Data science is rife with tools and programs to apply well regarded algorithms to data. Most practitioners at all levels appear to have a mix of computer science, statistics, and mathematical knowledge to apply these tools with reasonable efficiency in their fields, which combined with their own industry knowledge, allows them to extract information out of their data to solve their specific business problems. As more fields open their arms to wielders of these tools, it will become even more important that these data centric individuals are aware of limitations of the methods available to them and methods to determine when limitations have been met.
Mastering Metrics is a book that caught my attention through an episode of EconTalk, that sits directly in the space of introductory Causal Inference. Written by two well known econometricians, the book gives insight into the art of using statistics to determine whether outcomes are affected by known variables, and teaches readers that significance through regression is far from the only truth. Through a walkthrough of the five most important tools used by econometricians to effectively determine how outcomes are affected by variables, the readers can expect to have a reasonable knowledge of issues in using statistics as the only known truth, and should easily be able to springboard into a course on regression or experiment design.
Are all things truly equal?
The first major concept that is shown is that direct comparison of groups through difference of means is likely a path to the darkside. An easy example, shown in the book, is comparison of mean salary earnings of ivy league graduates and non-ivy league graduates. A direct regression will give you a strong difference of means between the two groups, but a researcher that infers an ivy league degree is attributed to the higher salary is woefully incorrect. As with all data, data is contaminated by selection bias.
Could the higher salary of an ivy league graduate also be attributed to the skill levels of the students admitted to the program? The answer of course is yes; in many ways success is a self-fullfilling prophecy for extremely bright students, regardless of the institutions they attend. To truly measure the affect of the ivy league blessing, researchers would hope enough equally similar students from the same backgrounds, race, income levels were all born on the same exact day, going to the same high schools and receiving the same test scores, showing their ability levels are equal enough to use for their study. Then simply send half to ivy league, and half to the other. From there, we could quite simply measure the differences in means. If its positive, we can then gladly go on a marketing campaign for the winner of the test. Sadly, one would be hard pressed to find a mother and father willing to have enough children to apease the researcher (50 should be enough right?), let alone hold their environments constant enough to allow them to all reach the exact same levels of abilities at exactly the same time. The problem, the lack of true comparability, is the main focus of causal inference, and is problem faced by anyone who uses statistics to infer causality.
Selection bias and exploiting Law of Large Numbers
Mastering Metrics begins by diving directly into selection bias and defining its manifestation in means across separate groups.
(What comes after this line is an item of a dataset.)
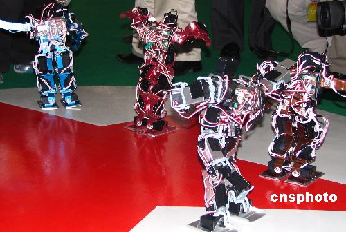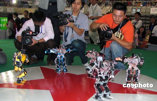 二零零六中国机器人大赛暨首届RoboCup中国公开赛十月五日在苏州独墅湖高等教育区拉开战幕。来自美国、德国、英国、新加坡等九个国家和地区的四百七十余支参赛队,将在为期四天的比赛中参加各个项目的角逐。中新社发 姚静 摄
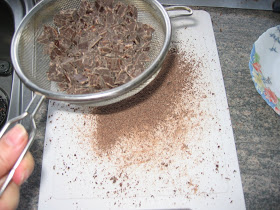Mientras, voy cortando 200 gr de chocolate para fundir y lo paso por un cedazo, para quitarle el polvillo de chocolate

Drilled into the reader in the initial pages is the concept of ceteris paribus, the notion that comparing variables between two groups is only sensible in a world where all other variables are held constant. Yet researchers are limited in their abilities to control all variables, since we cannot hope to be able to control all possible variables in an experiment. Interestingly enough, a dualism appears through the Law of Large Numbers. Rather than control all variables, one can randomly select individuals to apply a treatment to forcing the means of variables that are not of interest to be equal on average. By doing so, the effect of these variables on outcome measures are minimized, allowing researchers to compare the differences of means without signal from the effects of variables that are not of interest contaminating the difference. An understanding of selection bias is key for people attempting to infer causal effects on outcomes. The introduction gives readers useful introductory intuition on the theory, along with the first of the five major tools used by ‘metricians.
Controlling bias
After the introduction to selection bias, the next chapters highlight the other effective tools for practitioners caught in a world where truly random trials cannot exist. Thorough discussion through a number of key research studies describes how in many cases, random trials are difficult. Given a particular set of research constraints, bias introduction hinders the data in each study, removing the possibility of being able to compare groups in the context of all things equal. Through this, a tour of five main tools to combat the lack of true equality are shown: Regression with Control Variables, Instrumental Variables and the 2 Stage Least Squares Regression, Regression Discontinuity, and Differences of Differences methods. The approach shows readers not only the how, but the why behind each particular method’s application, and gives an added intuition behind what each regression does in accounting for bias.
But its only the beginning
The presentation of the material makes it an excellent side read for anyone interested in using data to make decisions. Stressed throughout the text is an insistence to attempt to recognize biased data and remove it as efficiently as possible. This focus sets a baseline for assessing the quality of research, even in a world where truly unbiased data is unlikely. Econometricians straddle the line between policies and science, so critical research can have long lasting influence on policies in the real world. While a true statistical text won’t discuss this, it is important to try to assess causal relationships using proper research designs. Otherwise, the data can lead us astray, even with strong statistical significance. This book is clearly a winner at giving readers an introduction to the techniques used in causal inference to give Econometricians the best chance to design strong research, but a look into how to identify broken designs. While it won’t be a true regression textbook, readers interested in using data to make decisions will not only enjoy the tour of research design used in economics, but find these common designs parallel any field where data is used to make decisions.